Tijerina is just as impressive delivering a serve as she is receiving one. She has great control over her floating serve, showing “the ability to serve short and still drive balls deep into the court when people creep up” which Lowery appreciates. But her passing prowess is what really makes her shine.

“I think the quality of her passing has been the biggest plus for our team,” Lowery said. “She has the ability to take up a lot of space. On serve receive, she covers ground and helps our outsides because when you’re confident with the person passing your seam, you get more confident as well.”

For Tijerina, success on the court starts with having the right mentality, being confident in yourself and supporting your teammates. She wasn’t named the starting libero when the season began, but that didn’t affect her attitude. She welcomed the healthy competition between her and the graduate student defensive specialist Sydney Schoen for the libero role and credited their relationship for her and the team’s success.

“Sydney and I are really close. We are roommates and we support each other. If we change roles, it’s like, ‘I got you here and you got me there,'” Tijerina said. “That’s the most important thing on the court and on a team. You can’t be jealous if you’re competing with someone else. You should push yourself to be better and if someone is better than you, you need to just support and put in your effort.”

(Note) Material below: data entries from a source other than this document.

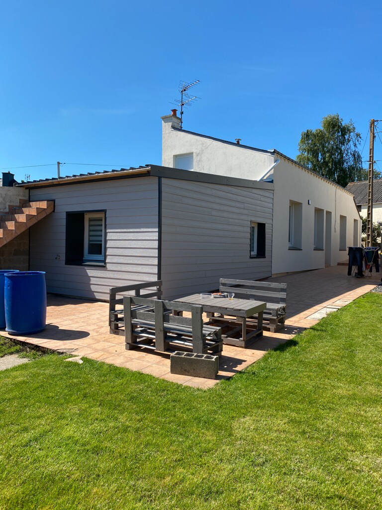 HENNEBONT- Cette maison vous offre une vie de plain-pied avec une pièce de vie avec cuisine aménagée et équipée, deux chambres, un dégagement, une salle de bains avec wc.
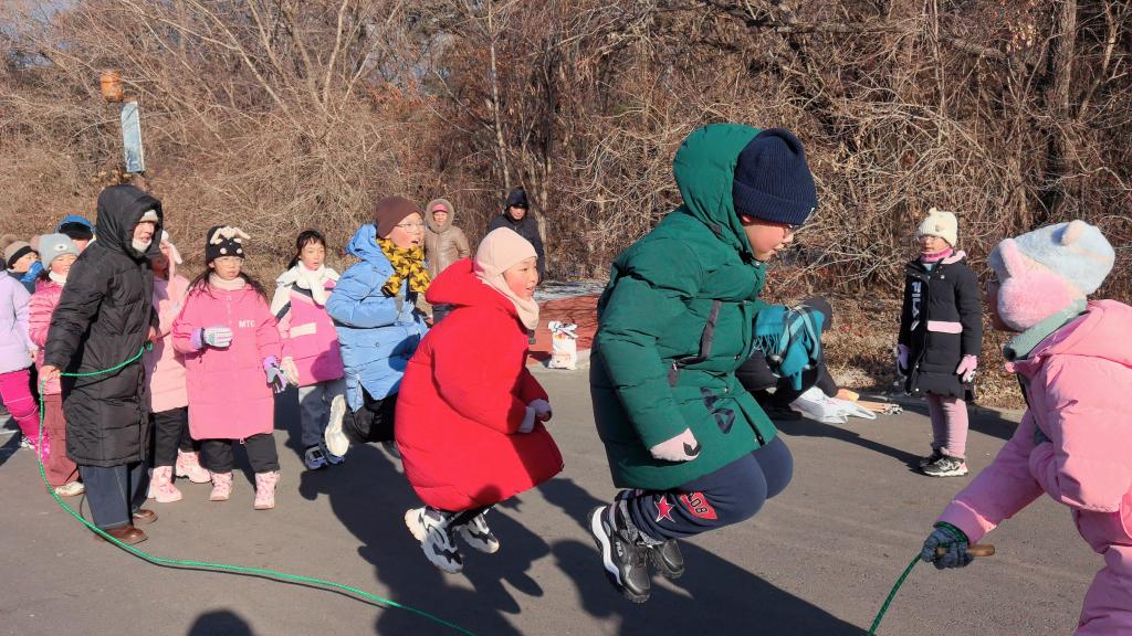 12月3日,吉林省第二实验学校的学生在南湖公园开展“亲近自然银冬初体验”主题活动,图为学生们在跳大绳。新华社记者 李典 摄
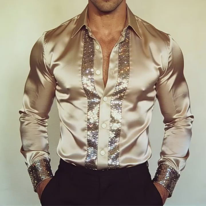 Nom du produit : Chemise Longue à Manches en Satin Rétro Casual pour Homme avec Paillettes
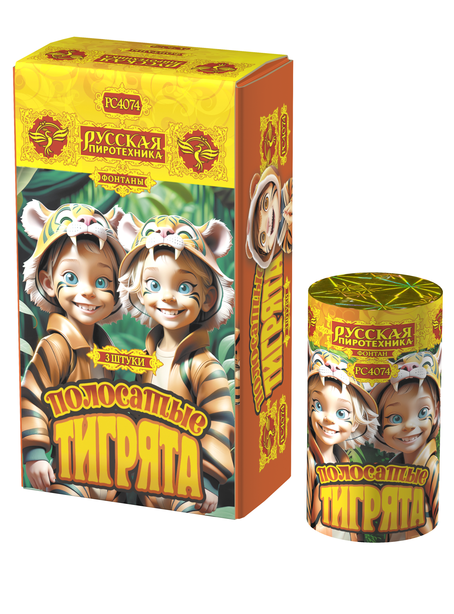 Фонтан пиротехнический Полосатые тигрята (РС4074)
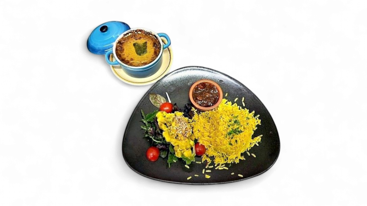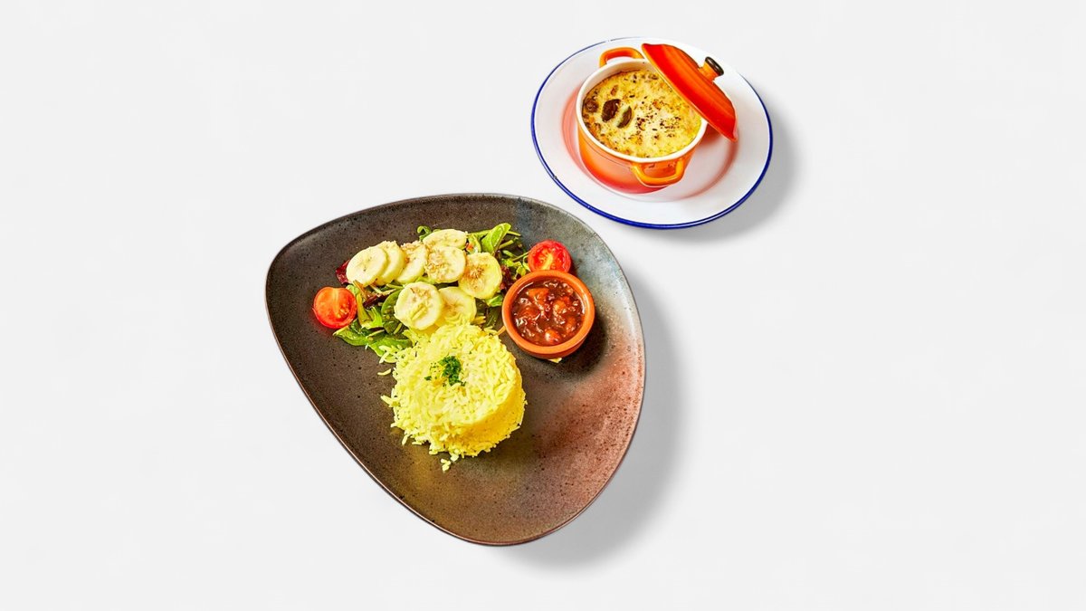 traditionelles Rinderhackfleisch mit Rosinen, Kurkuma Reis, Bananen-Baby-Blattsalat und Chutney

Tijerina impressed the coaching staff with stellar defense at the first tournament of the season. Her play earned her the opportunity to be UTRGV’s libero at the second tournament, Louisiana’s Sawyer Camillo Memorial Classic, and she responded by earning a spot on the All-Tournament Team. Regardless of what role she takes in a match, Tijerina simply sets out to give it her all.

“I don’t like to finish a game and think, ‘I could have done this better. I could’ve done more.’ Sometimes it’s going to be like that, but you have to always push yourself,” Tijerina said. “Throughout the season I’ve been putting all effort. I feel confident on the court. Practicing every day and having good competition with my teammates, that makes me feel like I’m getting on another level.”

Tijerina gets that all-out mentality from her family. She grew up playing volleyball with her sisters and cousins, being coached by her dad at his volleyball club in Matamoros. Her grandparents are at every home match and her parents watch every game from Mexico. She always has text messages from them waiting for her after a match that they send while she’s playing, sometimes telling her things to correct and often praising the job she’s doing.

“I grew up in an environment where you have to be tough, have a good mentality and always stay positive. You have to be a respectful player, disciplined player. It has helped me to grow a lot as an athlete,” Tijerina said. “That support from my family has always been there. I can feel it on the court. I know they’re watching me. I feel very, very proud to represent my family, and they always tell me that they’re proud of me .”

On Friday, Tijerina and the Vaqueros will take on Houston Christian at 7 pm at the UTRGV Fieldhouse in the first round of the Women’s National Invitational Volleyball Championship (NIVC). She’s glad to have another opportunity to play in front of the home fans and positively impact the program and those watching it.

“We’re very excited about hosting the first two rounds of the NIVC here. We love the support, with the fans and the band and the cheerleaders and the dancers. It motivates us to win. We’re really grateful and we’re ready,” Tijerina said.